Students today are different from those of yesterday. They think and engage differently. Hon Steve Maharey Minister of Education. The New Zealand Curriculum. Draft for Consultation 2006
What makes it harder for me is that those making the claims don’t/can’t elaborate on the research identifying the point of difference/ the live raccoon, between yesterday and today’s learners.
Whilst no one from the MoE is describing the learning experiences of current New Zealand students as impoverished and or dislocated, many of the statements around the release of the new draft curriculum suggest that its point of difference from the existing curriculum is that it will allow teachers to “engage all students in rich and authentic learning experiences.” Leading one to ask just what have our students been engaged in before this?
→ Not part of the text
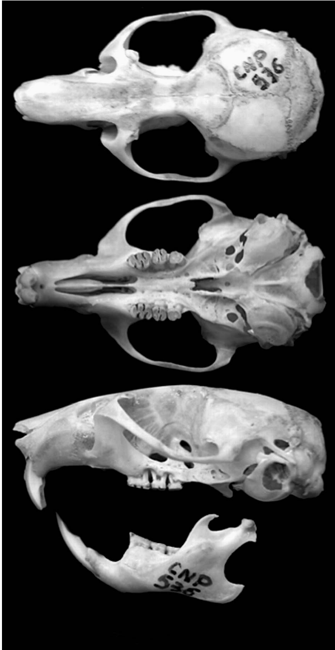
Fig. 2. —Dorsal, ventral, and lateral views of the skull and lateral view of the mandible of adult male Loxodontomys micropus from Estancia La Ensenada, Santa Cruz, Argentina (Colección de Mamíferos del Centro Nacional Patagónico [CNP] 536). Condylolincisive length = 31.5 mm.

“Engagement” is an interesting notion, as is “rich and authentic”. When I hear schools advocating the use of student inquiry and authentic contexts over other pedagogical approaches on the grounds that it engages (and thus apparently motivates) students, I always want to ask
- How do you assess engagement?
- How different are these measures when students are learning through inquiry activities than when they are learning through other pedagogical approaches? And
- What difference do you find in student learning outcomes that can be causally attributed to your measures of engagement?
And when I think about “rich and authentic” I want to ask, authentic to whom? I want to know why “rich and authentic” is a more popular descriptor of the quantity and quality of the learning experience than “educationally relevant”
Ailsa’s recent blog post comment neatly captures my problem with depending on notions of student engagement as a necessary and sufficient foundation for choosing the curriculum and pedagogical approaches we use in classrooms.
My education actually did me a great service that I was not aware of at the time. 30 years later I can praise the choice of literature, George Orwell with Animal Farm. I hated it at the time- not all education is, or should be, enjoyed, and Teachers wait a long time for praise!
In my workplace the SEPs (Student evaluation of a paper) would never be able to pick up such longterm effectiveness of course content or teaching effectiveness.
As Ailsa notes, measures of student satisfaction with a course, subject, or topic are not necessarily related to student learning in the short term or long term.
Learning is not a consumer activity that can be assessed by surveys of satisfaction. “It was heaps of fun” is not a measure of relevant, effective and or long lasting student learning outcomes
And engagement, despite Prensky’s slickly marketable “engage me or enrage me” stuff, engagement is not a self report measure of wonderment and awe but rather a reflection of the determined and persistent focus that a learner needs to promote learning.
As Brabazon notes in her provocative book Digital Hemlock “To read remember, understand, synthesise and interpret knowledge is often drudgery. To learn with effectiveness requires repetition, practice and failure.”’ (p9)
I don’t know how to measure student engagement apart from perhaps self report surveys of study behaviours. And when I ask teachers what they think engagement is and how they might measure it they don’t know either. The conversation is all live raccoon stuff.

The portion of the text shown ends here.